焦る気持ちを抑えて周りを確認するが、幸いなことに二人の姿も、争って血を流したようなあともない。
ちなみに馬車を牽いてくれた二頭の馬は、目印にも使っていた木の枝に繋がれていたお陰で無事だった。
「だが、それならば二人はどこに……」
と、ここでロロアがようやく追いついてきた。
「はぁ、はぁ、はぁ……ふぉ、フォーレストさん……お、お姉ちゃんやメリアちゃんは……これはいったい……」
息を切らしながら目に涙をためて、オレにそう尋ねてくるロロアにオレはなんて言葉をかければいいのだろうか……。
優しい言葉のひとつでもかけてやりたいところだが、しかし今は、正確に状況を判断して、少しでも早く次の行動に移さなければいけない。

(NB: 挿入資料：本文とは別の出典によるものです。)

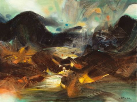此幅1989年的《光之旋回》,濃郁實在的大地色澤佈滿畫布領域,其他清淡爽朗的色澤則一絲絲地探出頭,色調即使沒有明確外形的包裝,朱德群做到讓它們仍有各自的神韻氣質,顏色本身就是一種暗示,而抽象的構圖是讓觀者自動自發想像的手段,觀賞朱德群的畫,你總會按捺不住想要天馬行空的慾望,畫家就像色彩的調酒師,他用他調配出來的組成物,邀請觀者的感官接收,緊接著是個人內在詩意的泉湧而出。

「悪い……オレもわからない。だけど、二人は見つかっていない。まだ生きていると信じて探さそう。オレたちの助けを待っているはずだ。それにこの状況だ。二人は怪我をしているかもしれない。その時はロロア、頼りにしているぞ?」
「は、はい! どんな怪我を負っていたとしても、絶対に私がなんとかしてみせます!!」
「あぁ、頼もしい限りだな。じゃぁ、二人を見つけて救い出し、サラマンダーと、その裏で糸を引いているやつを纏めてぶったおすぞ!」
「わかりました! こんなこと絶対に許せませんから!」
オレ自身いまだに不安な気持ちでいっぱいだが、ここで落ち込んでいれば事態が悪化するばかりだ。
無理やりにでも気持ちを奮い立たせて、前を向かわないと!
「ここに二人の姿が無いという事は、どちらかに向かって逃げたはずだ! まずは二人の痕跡を探そう! 足跡や戦闘の後、他にも何か手がかりがあるかもしれない」
ここに二人が倒れていないのだから、必ずどちらかに移動したはずだ。
もし、他の者に襲われたり、攫われるようなことがあったとしても、なんらかの痕跡が残る。
特にフィアはかなり腕の立つ冒険者だ。
何も出来ずにやられるようなことはないと信じている。
「じゃぁ、私はあっちを見てきます!」
「わかった! オレはこっちを!」
こうしてオレとロロアは、それぞれ手がかりを求め、二手に分かれて捜索を始めたのだった。